McHale was pressed on the topic a day after Danny Ainge told The Boston Herald that he has talked to McHale about Garnett.
But McHale dismissed that news as the typical chatter that happens between team executives in the days leading up to the NBA draft.
“At this time of year, all the teams are talking to each other,” McHale said. “Everybody phones each other saying, ‘Hey what are you looking at? What are you doing?’
“We talk about a lot of different stuff and, unfortunately, some of that stuff seems to creep out or get speculated or, the best thing I like, things you haven’t even discussed are out there.”

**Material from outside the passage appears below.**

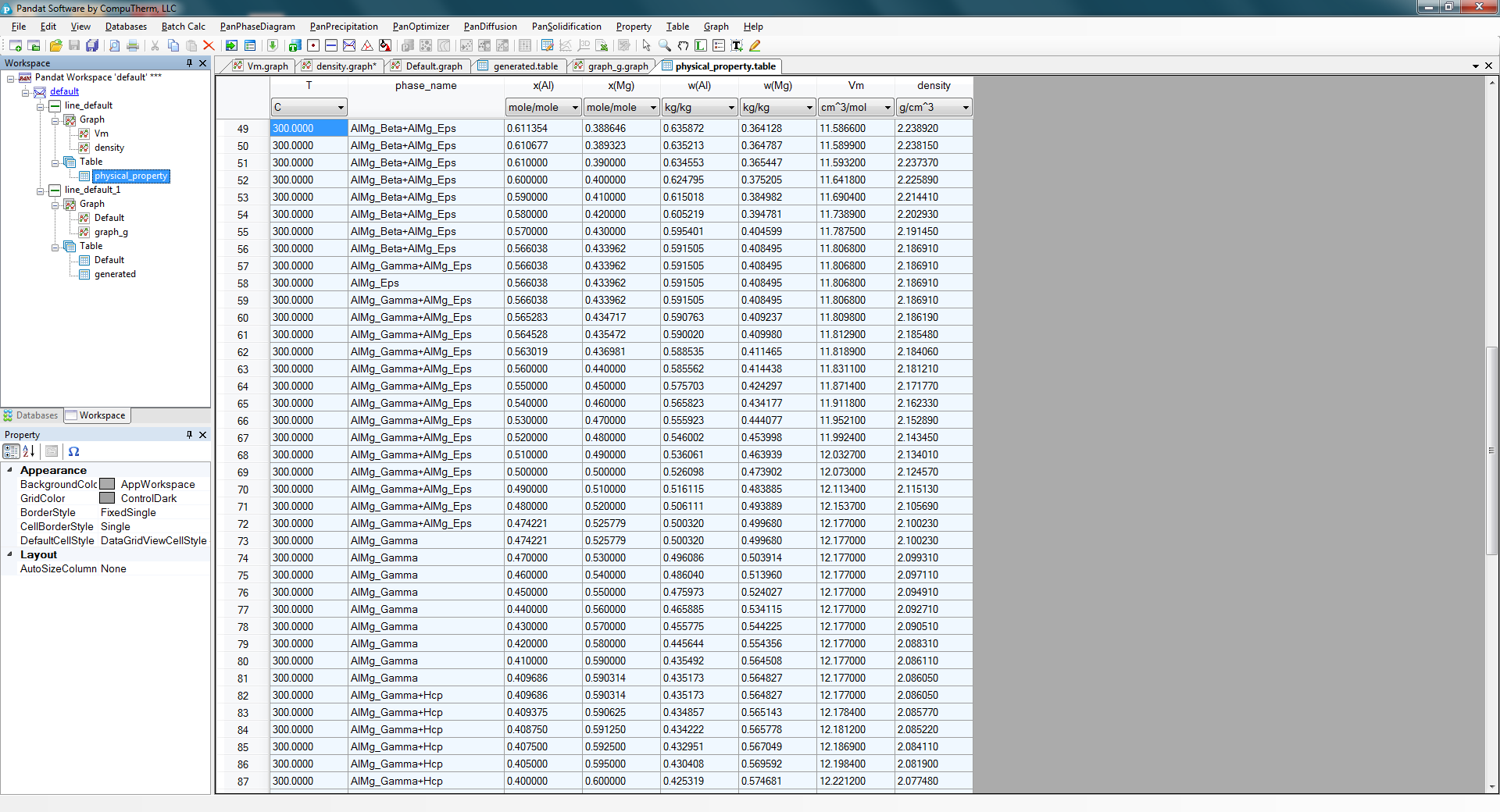Figure 1.12.5: The physical_property table showing the stable phases varying with the composition and the calculated molar volume and density

Garnett can opt out of his contract after next season, meaning the Timberwolves run the risk of losing him without compensation if they don’t trade him before then and he tires of not playing on a competitive team. That has ramped up speculation that he could be on the move, and the possible destinations – many of them completely baseless and unsourced – are popping up all over the place as they always do this time of year.

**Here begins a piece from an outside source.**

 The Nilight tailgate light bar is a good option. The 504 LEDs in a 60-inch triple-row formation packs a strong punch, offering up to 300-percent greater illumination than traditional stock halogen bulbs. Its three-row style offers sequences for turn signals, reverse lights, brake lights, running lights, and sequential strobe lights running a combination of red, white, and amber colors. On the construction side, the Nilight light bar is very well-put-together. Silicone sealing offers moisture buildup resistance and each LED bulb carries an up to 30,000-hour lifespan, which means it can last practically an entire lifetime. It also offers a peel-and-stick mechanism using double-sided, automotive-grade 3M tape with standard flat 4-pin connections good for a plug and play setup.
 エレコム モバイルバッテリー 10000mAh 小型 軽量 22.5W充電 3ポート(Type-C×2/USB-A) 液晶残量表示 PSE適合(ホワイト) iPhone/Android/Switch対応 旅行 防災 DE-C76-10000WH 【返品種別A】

One thing that appears to be different this offseason is McHale’s acknowledgment of conversations involving his star player. Where in the past, he has completely dismissed questions of Garnett’s availability – including after last season when he said emphatically, “We’re not going to trade Kevin Garnett” – McHale is now qualifying those remarks.
But he said Friday that he has always listened to proposals from other teams.
“What, do you think I hung up on them when they called?” McHale quipped in his typical tone. “Nothing has changed. You always listen. You listen, and it doesn’t go very far and it hasn’t gone very far now.”